We have the beginnings of a bad habit forming. When I'm walking around in my house, my 6 month old Gracie comes up from behind and before I know it she has wedged her way and is walking between my legs, usually squeaking a toy. 

She just wants to play and wants attention, but I can see this being dangerous for me (or others), plus it's annoying. :no:

I've been stopping, stepping over her to put her back to one side of me, and giving her an "eh eh eh," and otherwise ignoring her, so as not to reward her for doing this. 

We are currently in an intermediate obedience training class and just beginning to learn "heel."

Any other suggestions on how to nip this in the bud?


----------



## LibertyME (Jan 6, 2007)

when you feel her start to nudge her way in... stop fast, squeeze your knees together and don't let her pass through - do all you can not to talk to her or touch her rather just make it matter-of-fact - more like an ooops! Cant get through that way!
Work on her heel work....lots! 
When she figures out that nothing fantastic comes from sneaking between, but lots of good comes from walking to your left...you'll see a big difference.
<Miss Winter was a major leg weaver! ;-) >


----------



## Stretchdrive (Mar 12, 2011)

I train my dogs to do that


----------



## Philbert (Dec 29, 2010)

*Leg hugging*

I'm just afraid she's knock me over one of these days! 

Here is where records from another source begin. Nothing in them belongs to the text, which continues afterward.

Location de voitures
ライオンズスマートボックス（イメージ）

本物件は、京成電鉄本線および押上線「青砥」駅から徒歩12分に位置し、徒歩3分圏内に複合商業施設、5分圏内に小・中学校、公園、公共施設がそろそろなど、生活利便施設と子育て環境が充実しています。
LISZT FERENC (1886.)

The other thing she does is a "leg hug," which is really cute. Kinda like humping (but no actual humping), she grabs my leg with her forelegs, slides down and hugs my ankle like "don't go! don't go!" I'm trying to figure out how to get her to do it on command, but then stop when I say so.


----------



## JDandBigAm (Aug 25, 2008)

I'm a FedEx courier and one of my customers has 2 labs. One of the labs will get in between my legs when I'm walking up to the front door. It is funny and they know they will get a treat so I'm walking from my van to the door with the lab walking between my legs at the same speed. The other lab is trotting around us in circles. I haven't fallen yet and think its cute.


----------



## Joanne & Asia (Jul 23, 2007)

Asia will do that but from the front when she wants some lovin. She then stands in between my legs waiting for her butt rub! I can see how your dog doing this from behind you could be dangerous!


----------



## lgnutah (Feb 26, 2007)

Philbert said:


> I'm just afraid she's knock me over one of these days!
> 
> The other thing she does is a "leg hug," which is really cute. Kinda like humping (but no actual humping), she grabs my leg with her forelegs, slides down and hugs my ankle like "don't go! don't go!" I'm trying to figure out how to get her to do it on command, but then stop when I say so.

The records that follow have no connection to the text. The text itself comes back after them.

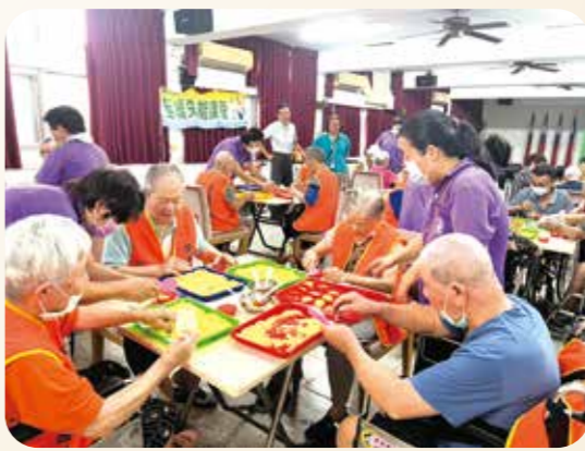
榮家工作人員協助長輩們專注製作綠豆糕。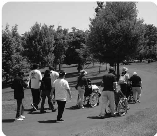
▲ 公園内を散歩する様子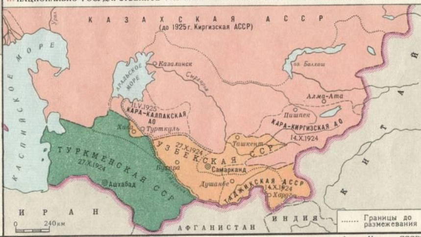
II. НАЦИОНАЛЬНО-ГОСУДАРСТВЕННОЕ РАЗМЕЖЕВАНИЕ РЕСПУБЛИК СРЕДНЕЙ АЗИИ (1924 - 1925 г.г.)

Brooks used to do something similar to this, he'd grab one of our legs at the ankle or calf, when we were playing with the soccer ball with him. Actually I thought it was rather smart to figure out how to keep us from moving so we couldn't get the ball.


----------



## ebenjamin85 (Apr 13, 2008)

Fall on her... she'll never do it again! 

Okay, jokes aside, I don't really want you to hurt your dog but rather am speaking from experience. Samantha did that as a puppy, particularly when I was going down the stairs. One day I fell on her, (hurting myself more than her) and she hasn't done it since. Gave us both a bit of a scare I guess.


----------